All 11 Alabama votes to the Electoral College
| Nominee | Franklin D. Roosevelt | Herbert Hoover |  |
| Party | Democratic | Republican |
| Home state | New York | California |
| Running mate | John Nance Garner | Charles Curtis |
| Electoral vote | 11 | 0 |
| Popular vote | 207,910 | 34,675 |
| Percentage | 84.76% | 14.14% |
- County results Roosevelt 40–50% 50–60% 60–70% 70–80% 80–90% 90–100%
| President before election Herbert Hoover Republican | Elected President Franklin D. Roosevelt Democratic |

= 1932 United States presidential election in Alabama =

The 1932 United States presidential election in Alabama took place on November 8, 1932, as part of the nationwide presidential election. Alabama voters chose eleven representatives, or electors, to the Electoral College, who voted for president and vice president. In Alabama, voters voted for electors individually instead of as a slate, as in the other states.

Since the 1890s, Alabama had been effectively a one-party state ruled by the Democratic Party. Disenfranchisement of almost all African-Americans and a large proportion of poor whites via poll taxes, literacy tests and informal harassment had essentially eliminated opposition parties outside of Unionist Winston County and a few nearby northern hill counties that had been Populist strongholds. The only competitive statewide elections became Democratic Party primaries that were limited by law to white voters. Unlike most other Confederate states, however, soon after black disenfranchisement Alabama's remaining white Republicans made rapid efforts to expel blacks from the state Republican Party. Indeed, under Oscar D. Street, who ironically was appointed state party boss as part of the pro-Taft "black and tan" faction in 1912, the state GOP would permanently turn "lily-white", with the last black delegates from the state at any Republican National Convention serving in 1920.

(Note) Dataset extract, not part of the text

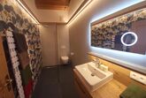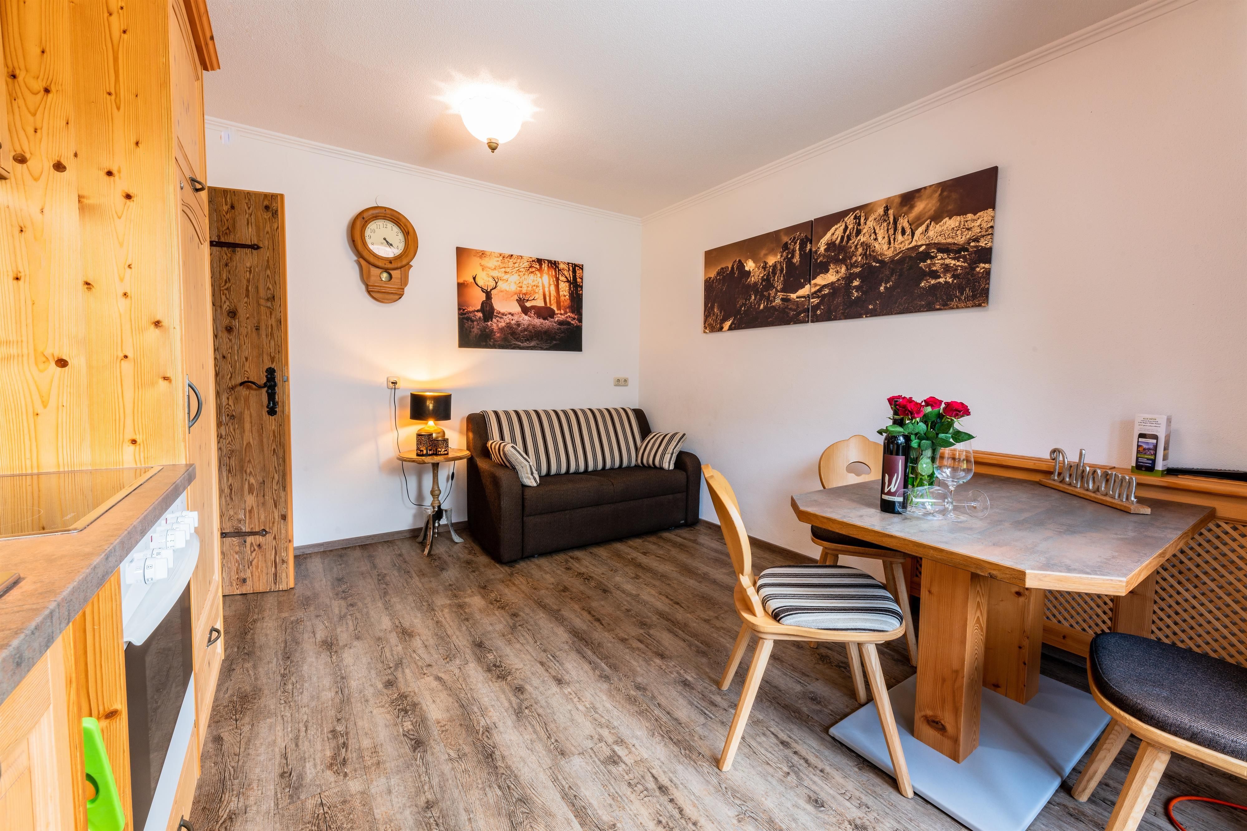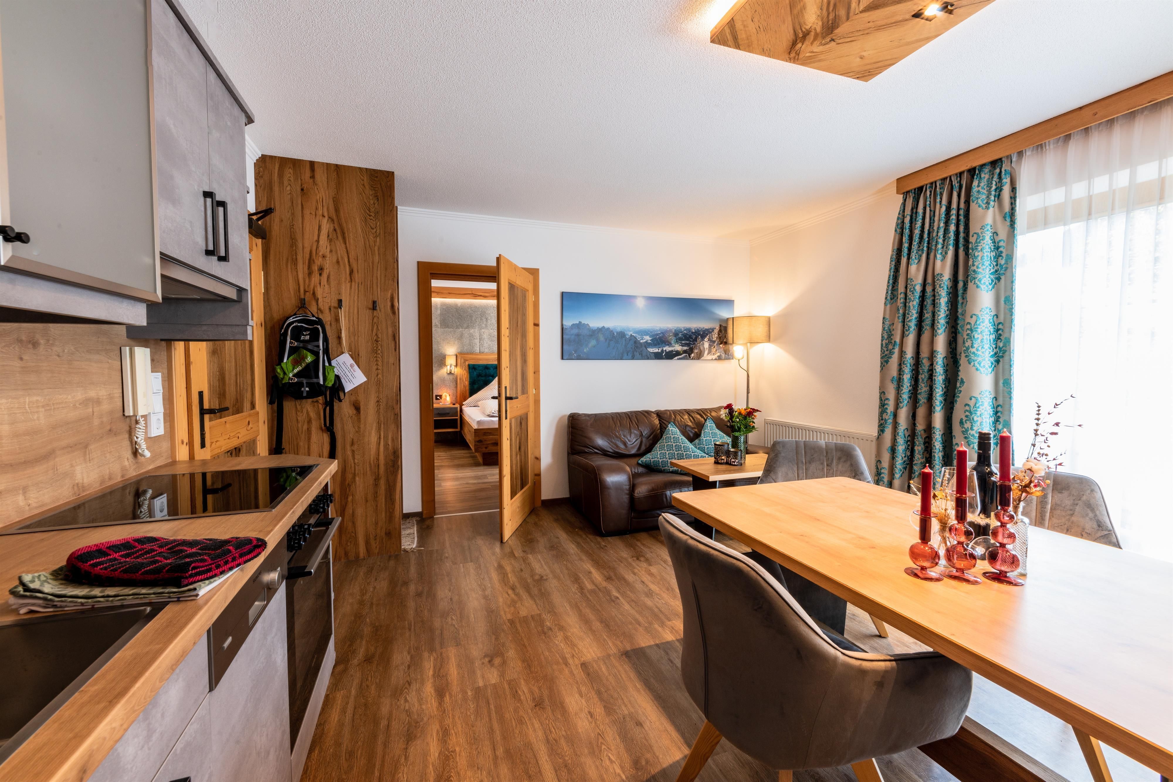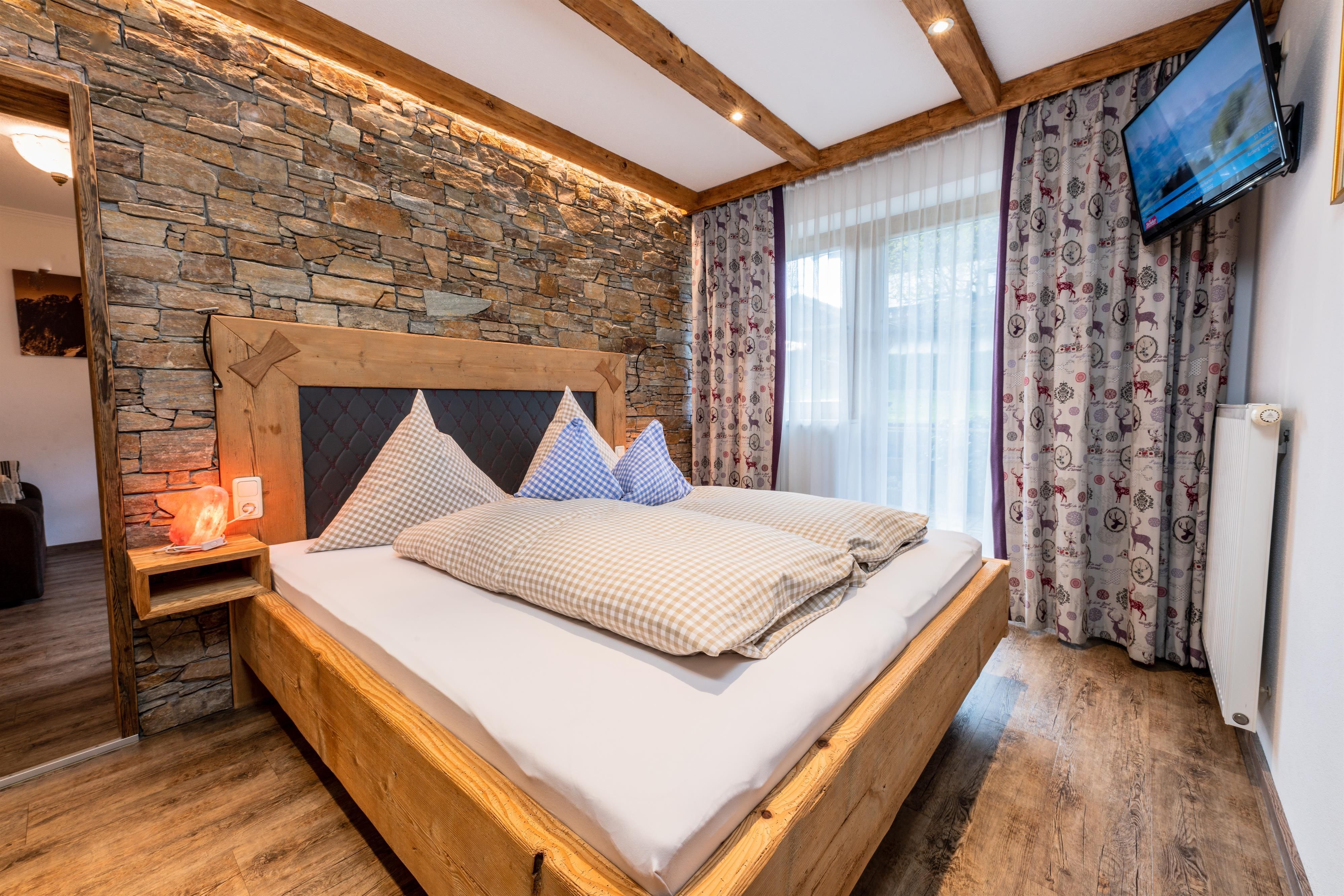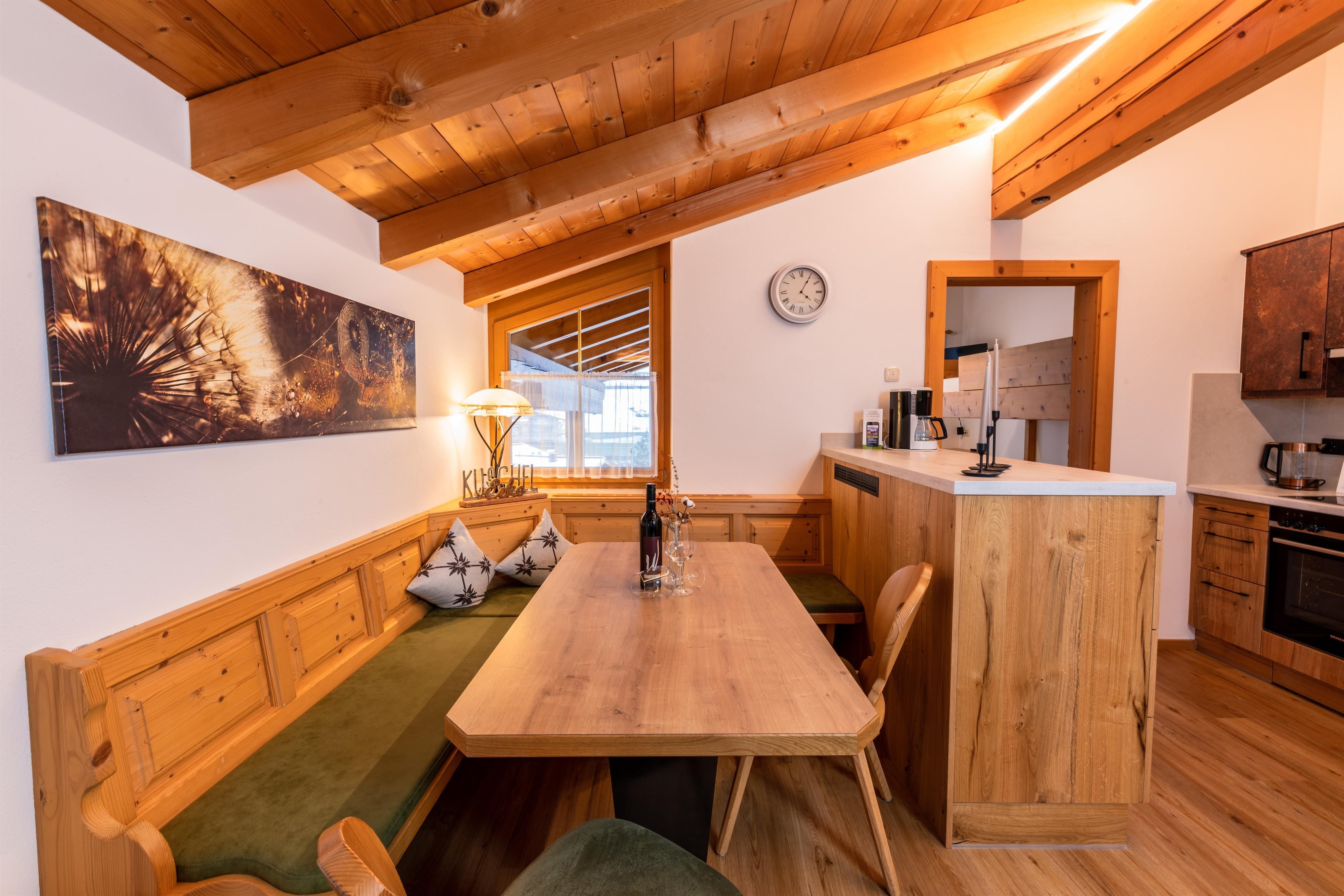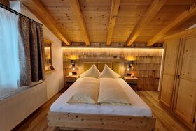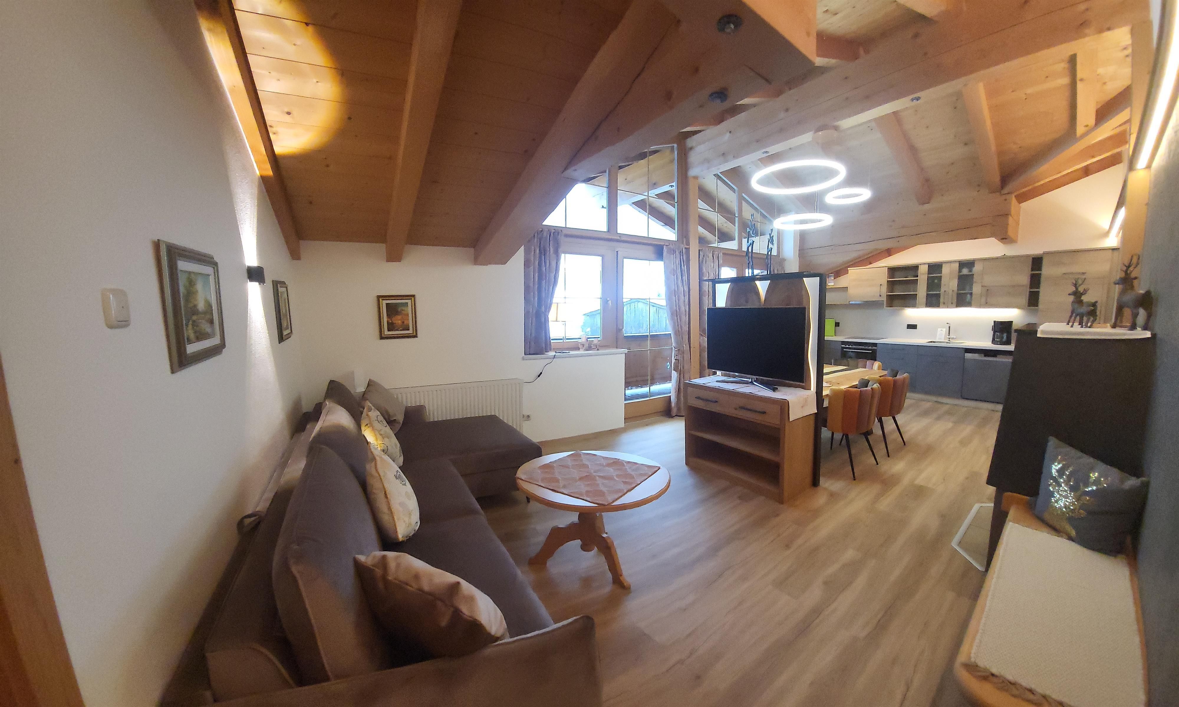 Das Appartment Nr. 5 liegt im Dachgeschoss. Mit Blick Richtung Norden zum Wilden Kaiser. Im ersten Schlafzimmer befindet sich ein Doppelbett, im zweiten Schlafzimmer sind zwei Einzelbetten. Das Wohnschlafzimmer inst mit einer Doppelschlafcouch, Kachelofen,Fernseher, Sitzecke und einer Küche ausgestattet. Badezimmer und separates WC. Das Appartment verfügt über einen eigenen Balkon. Der Dachstuhl wurde in Sichtbauweise gefertigt. Appartement 5 befindet sich direkt neben Appartement 4.

The 1920 election, aided by isolationism in Appalachia and the whitening of the state GOP, saw the Republicans gain their best presidential vote share in Alabama since 1884, while the GOP even exceed forty percent in the House of Representatives races for the 4th, 7th and 10th congressional districts. However, isolationist sentiment in Appalachia would ease after the election of Warren G. Harding while funding issues meant the Republicans would not emulate their efforts in the rest of the decade.

Then in 1928, a virtual "civil war" broke out in the state Democratic Party over the nomination of Al Smith, as the hegemonic Democratic Party was placed in a quandary over the nomination of an urban, Catholic, racial liberal. The loyalists centred in the Black Belt supported Smith and the traditional Democratic Party as the best route to maintaining absolute white supremacy through encouraging capital investment, whereas the "Hoovercrats" led by former leaders of the Ku Klux Klan backed Republican Herbert Hoover and were intensely focused on nativism, Prohibition and Protestant fundamentalism.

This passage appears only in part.